On the iPhone, the choice between the two giants is less clear, more like a coin toss. The layout of controls in Quickoffice iPhone is less well conceived being roughly equivalent between the two platforms in terms of how many buttons need to be pushed to do what you want. In the small screen iPhone environment where we don’t do silly things like marry a Bluetooth keyboard to the phone, the name of the game is emergency touchscreen typing. In a few cases, Documents to Go has a slight edge, but not enough to change back on my iPhone.

A word about printing with AirPrint or the Android equivalent, Quickoffice has a tendency to strip out any document headers and footers that you may have added to the document on your computer. So, you won’t see them if you print directly from the mobile gear. Even though Documents to Go couldn’t print directly from the app, a document that you emailed to yourself after working in Documents to Go could be printed out headers and all if you print from the email attachment. This means that any printing you do with Quickoffice will simply be work copies good for editing with a red pen.

Even though Quickoffice has sensible defaults in the paragraph controls, where the assumption is single-space 12-point type, I still use the document templates created for Documents to Go. Documents to Go’s defaults are in favor of double-spaced 12-point type and I had to make those templates because to me double-spaced typing is an afterthought for when I have to mail someone a manuscript. I don’t edit any better on the computer with double-spaced type. Ink and paper is a different story. I don’t need those templates, but I can still use them, so we’ll call them a force of habit and move on.

Put all of this together, and my work process for books is to write the next chapter on the more appropriate of my iPad or iPhone (depending on whether I’m just writing or trying to exercise at the same time) and Cut and Paste the new chapter into the manuscript on my computer. I do a lot of fix it later on the computer, which is a quirk common to many iterations of the mobile office suite. For instance, I used to whine about how Apple products typically omit certain punctuation marks in favor of the generic versions. I later discovered that when you use fingerprint typing you can hold down keys to get the appropriate punctuation marks, as they should look in the chosen default font.

You hold the key down long enough to get the similar choices and move your finger to the appropriate punctuation mark (Open Quote, Close Quote, etc.) and that this also works for foreign words with umlauts and other wonky diacritical marks. It worked on everything I’ve ever used to write, including Quickoffice. But, it only works when you type with your fingers, not a Bluetooth keyboard. So, now I can just type and go over it again with the keyboard turned off to fix the punctuation marks with my messy grubby fingers.

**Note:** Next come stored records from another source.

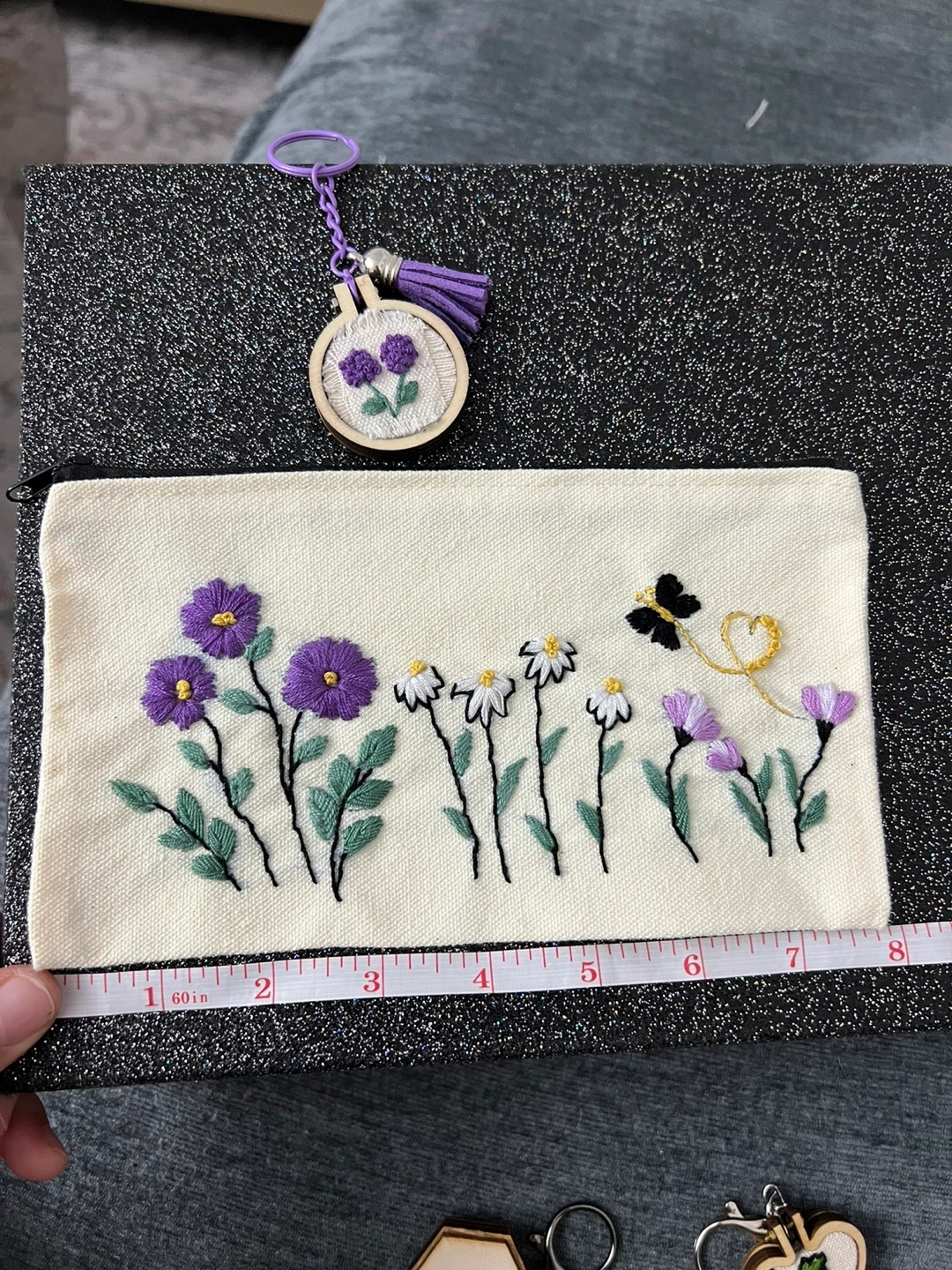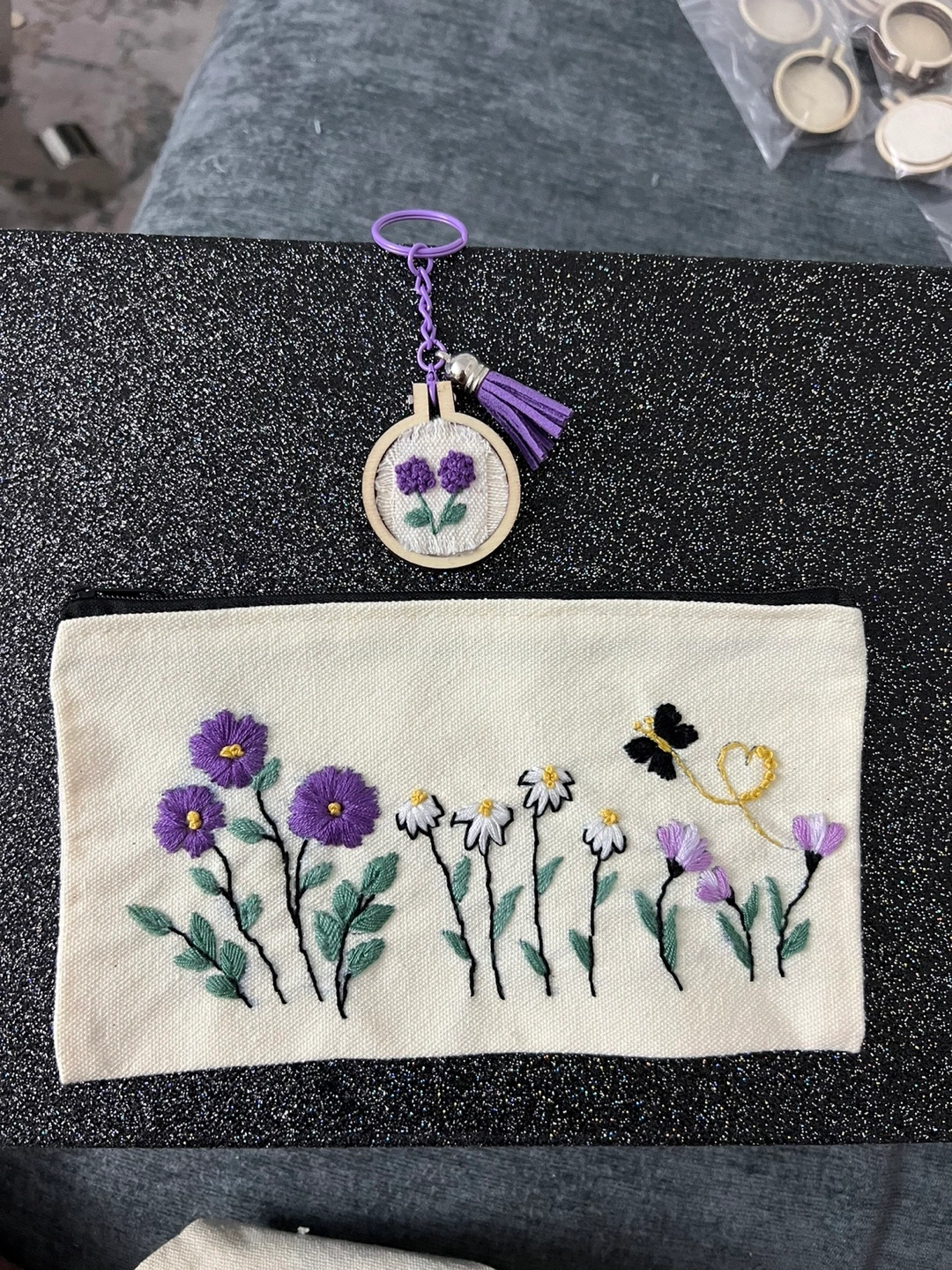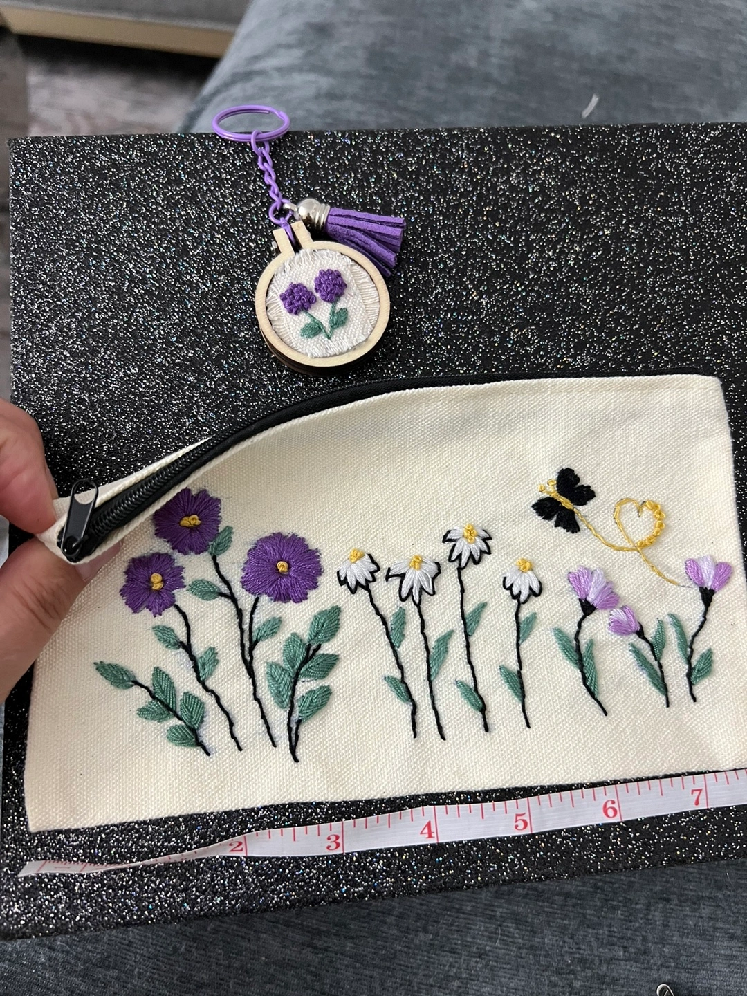 I have a cute, handmade zipper pouch for sale! It features beautiful floral embroidery in shades of purple, white, and green, along with a charming butterfly detail. Perfect for storing small items or using as a makeup bag hand made with a key chain
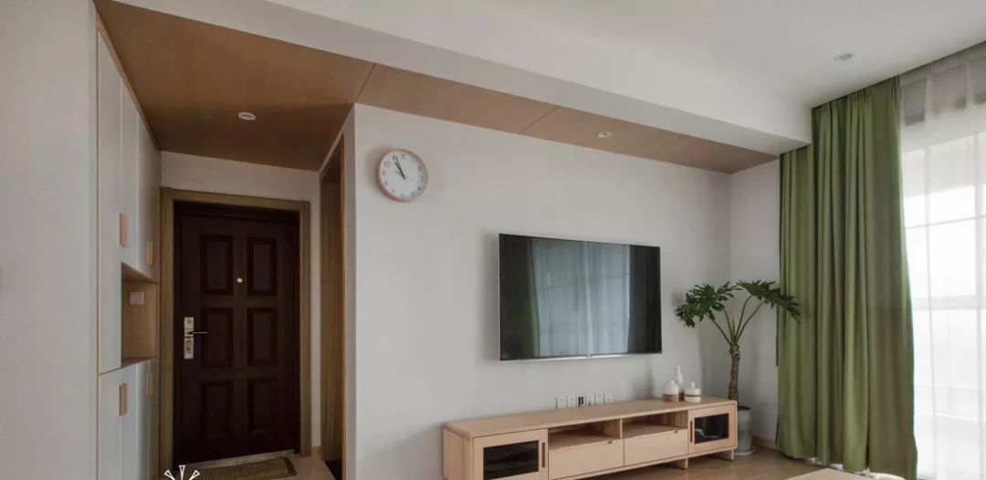 ▲日式风格直接用大白墙做电视背景,然后通过原木色的电视柜和其他家具配合装饰。
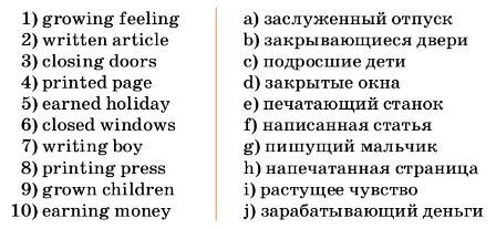 b) The question asked by the child surprised the grown-ups. – Вопрос, заданный ребёнком, удивил взрослых. - a) The pupils preparing for the examinations were given some extra classes. – Учащимся, готовившимся к экзаменам, были предоставлены дополнительные занятия.
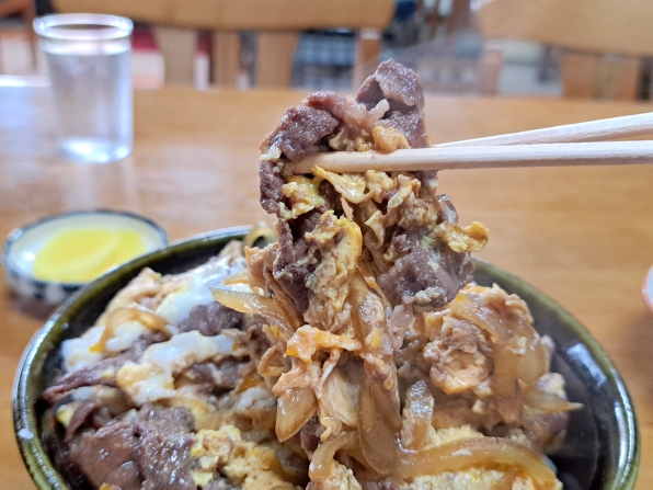 さぁ気になるお味です。。。肉厚で食感のあるタップリの牛肉が、玉ねぎと一緒に卵で綴じられています、、、そして出汁の味は田舎の婆ちゃんが作ってくれていたような、ほんのり甘くて懐かしいぼっかけ系。。。うんうん、旨い旨い~☆
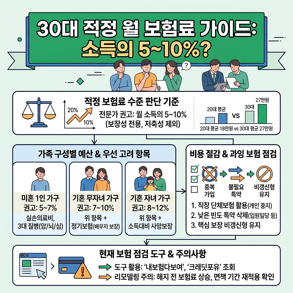 | 가족 구성 | 보험료 적정 범위(일반적 권고 기준) | 우선 고려 항목 |
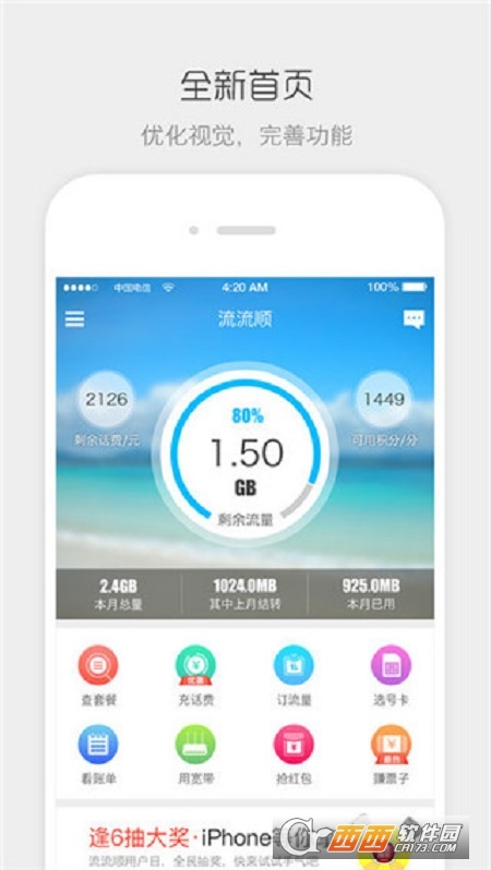 四川电信app这个软件主要可以统计流量,这个不是重点,现在很多软件都是可以查询统计的啦。重点是它可以订!购!流!量!包!简直炫酷到没朋友啊!
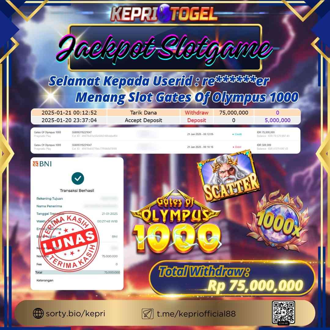 Kepritogel Jackpot Slot Gates Of Olympus 1000 Rp75,000,000
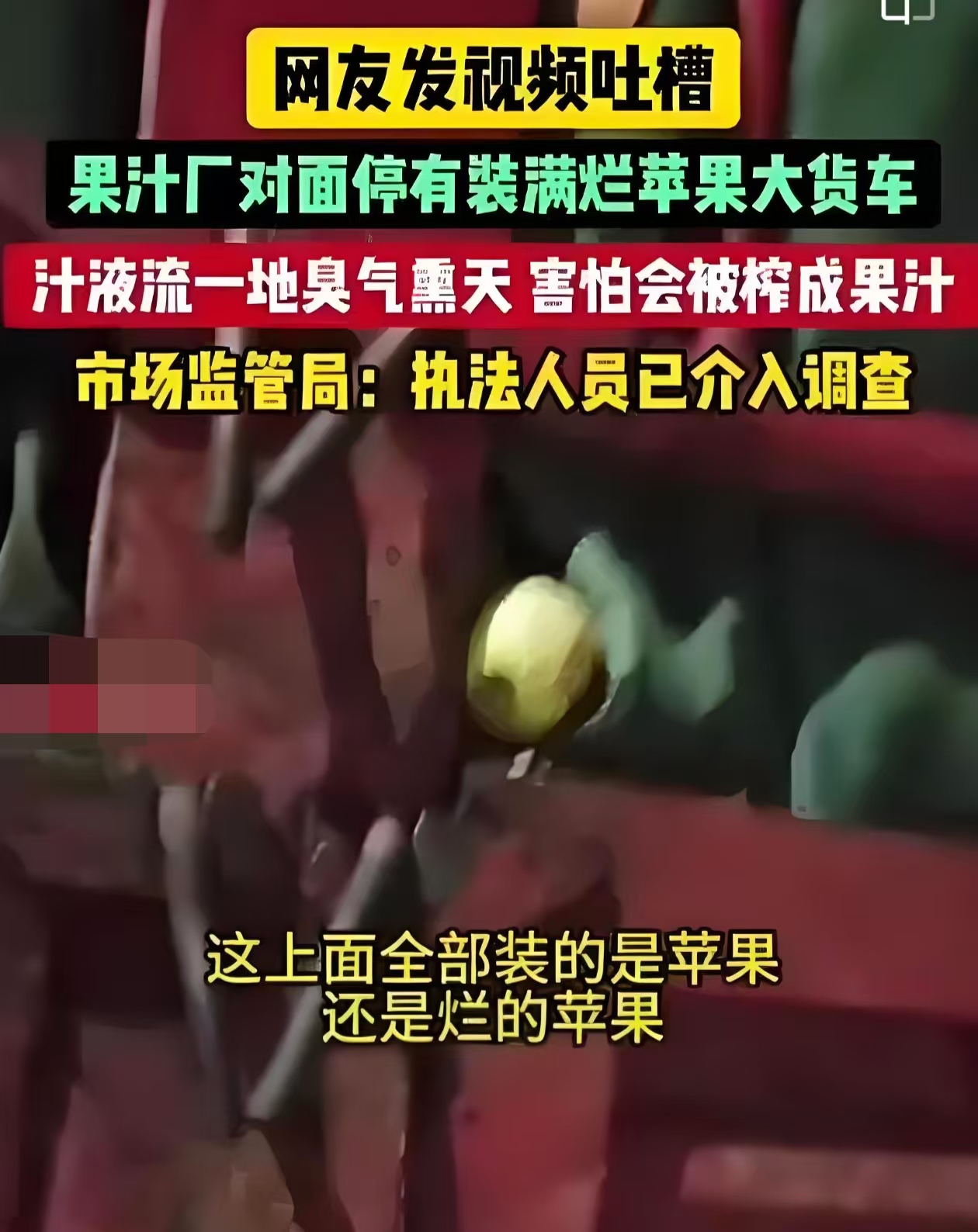 近日,陕西咸阳的一个果汁厂被爆料出,他们竟然用烂到不能再烂的苹果榨果汁。这事儿被一个叫王先生的哥们儿发现了,他用手机拍下了这一幕,然后勇敢地把视频发到了网上。这哥们儿,我得说,勇气可嘉!
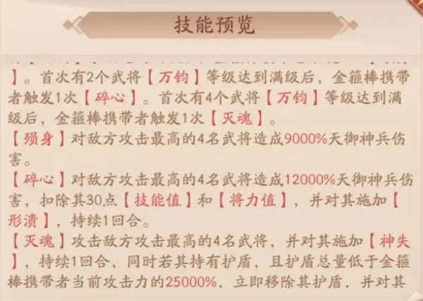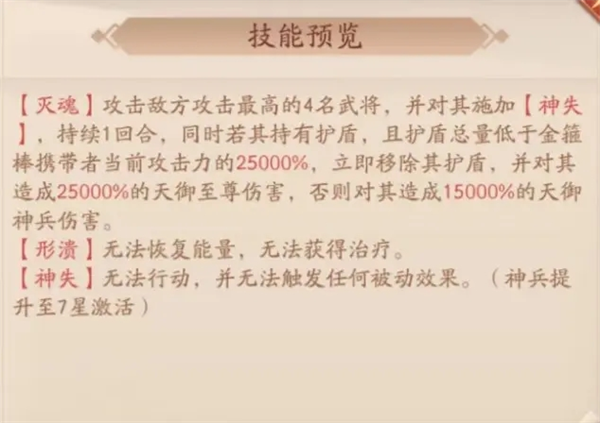 【灭魂】攻击敌方攻击最高的4名武将,并对其施加【神失】,持续1回合,同时若其持有护盾,且护盾总量低于金箱棒携带者当前攻击力的25000%,立即移除其护盾,并对其造成25000%的天御至尊伤害,否则对其造成15000%的天御神兵伤害。
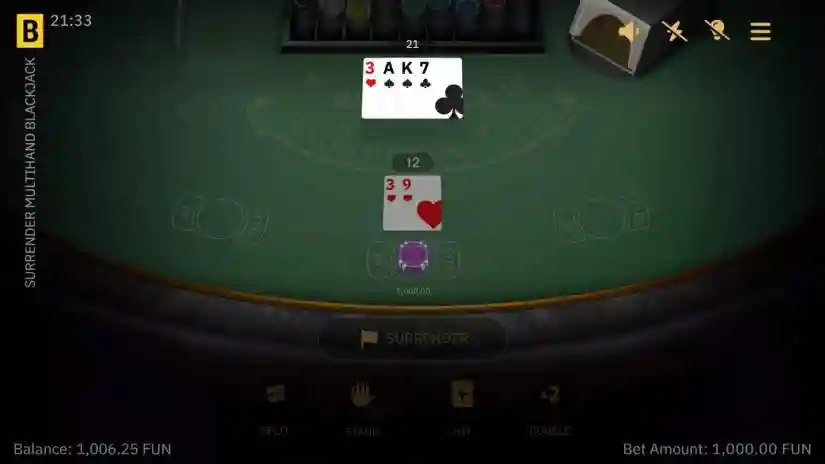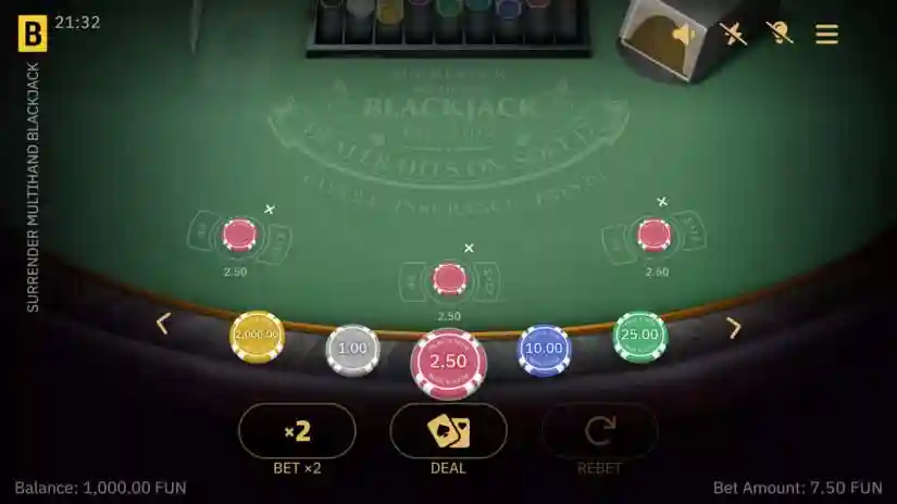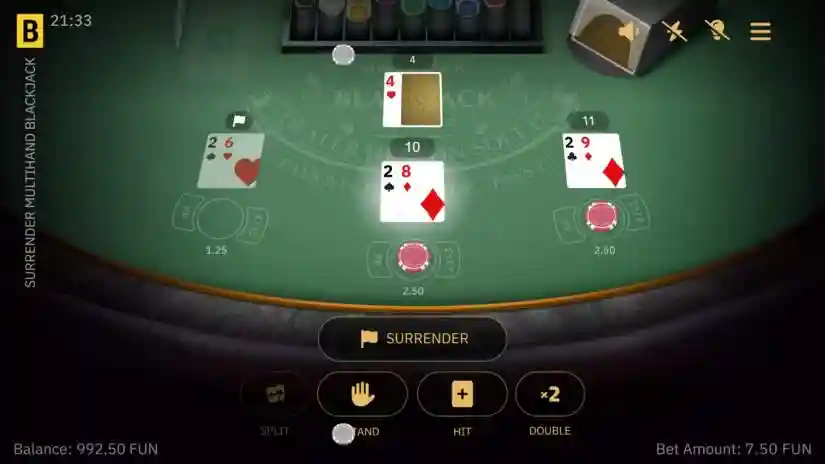 Definitely, our platform offers the opportunity to enjoy a demo version of Surrender Multihand Blackjack without any need for signing up. Moreover, any online casino that collaborates with BGaming would grant users unrestricted entry to the test mode, completely free of charge.
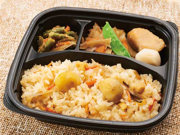 ほくほくの栗を炊き込んだおこわに、鶏肉と野菜の煮物、ごま和えをセット。
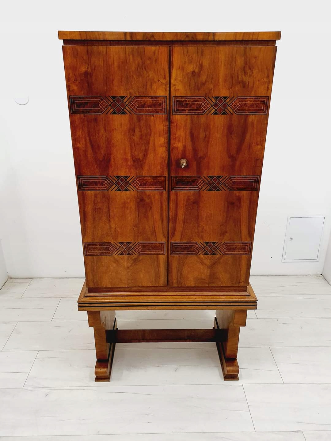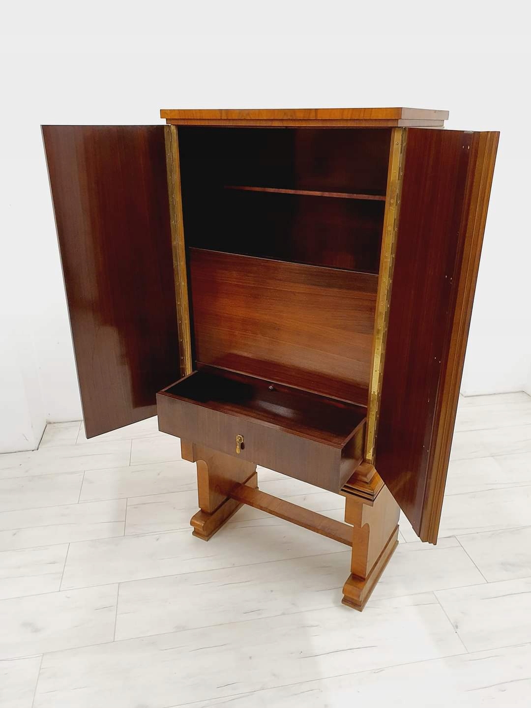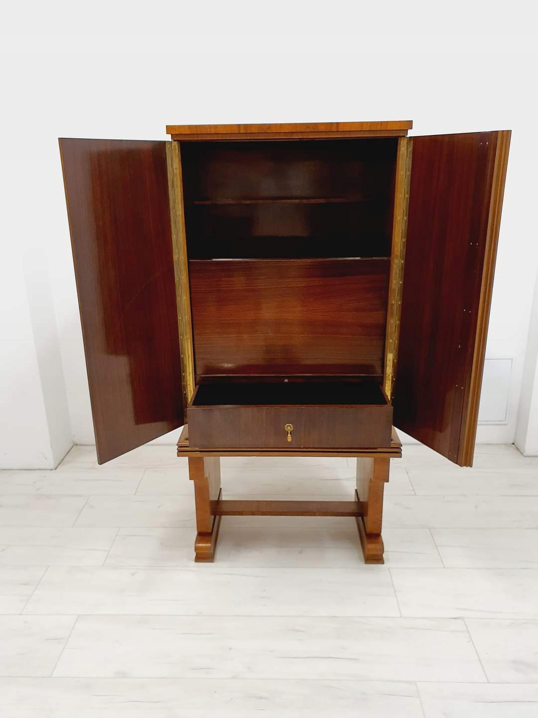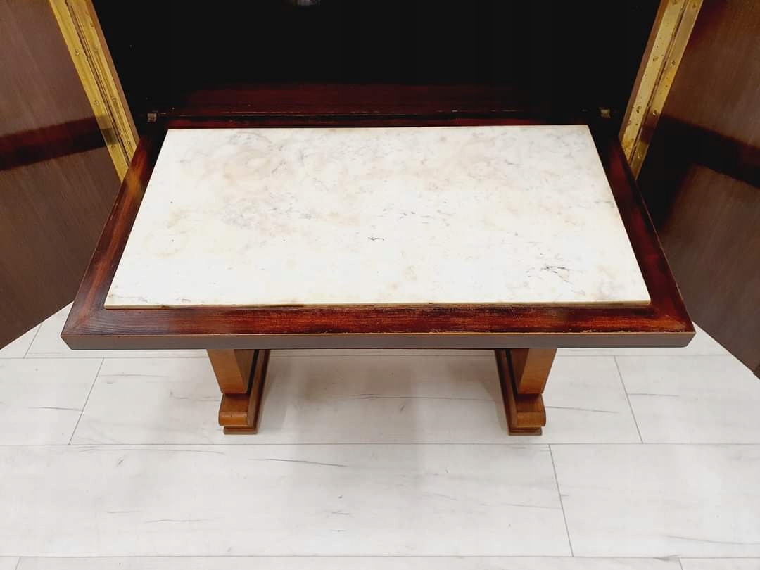 Бар/бар в стиле ар-деко, Чехословакия, 1930-е годы. Очень интересная форма в виде шкафа. Внутренняя часть облицована палисандром, на складной створке установлена каменная столешница. Подпись на ключе (к сожалению, пока не удалось определить дизайнера).

While I generally like Quickoffice, it has annoying quirks. The usage of the iOS autocorrect that finishes common words for you unless you click the big X in the corner is sporadic at best. Similarly, the autocorrect from lower-case i to I doesn’t work at all despite being a feature of every other writing interface on the iOS system. The real annoyance is Quickoffice’s auto-save feature, it seems to fire off when I’m in the middle of a word and instead of being a background save is a foreground save which means I have to retype the word.

All in all, Quickoffice does the work with the same amount of fix it later on the computer as before. Verdict: awesome for being free!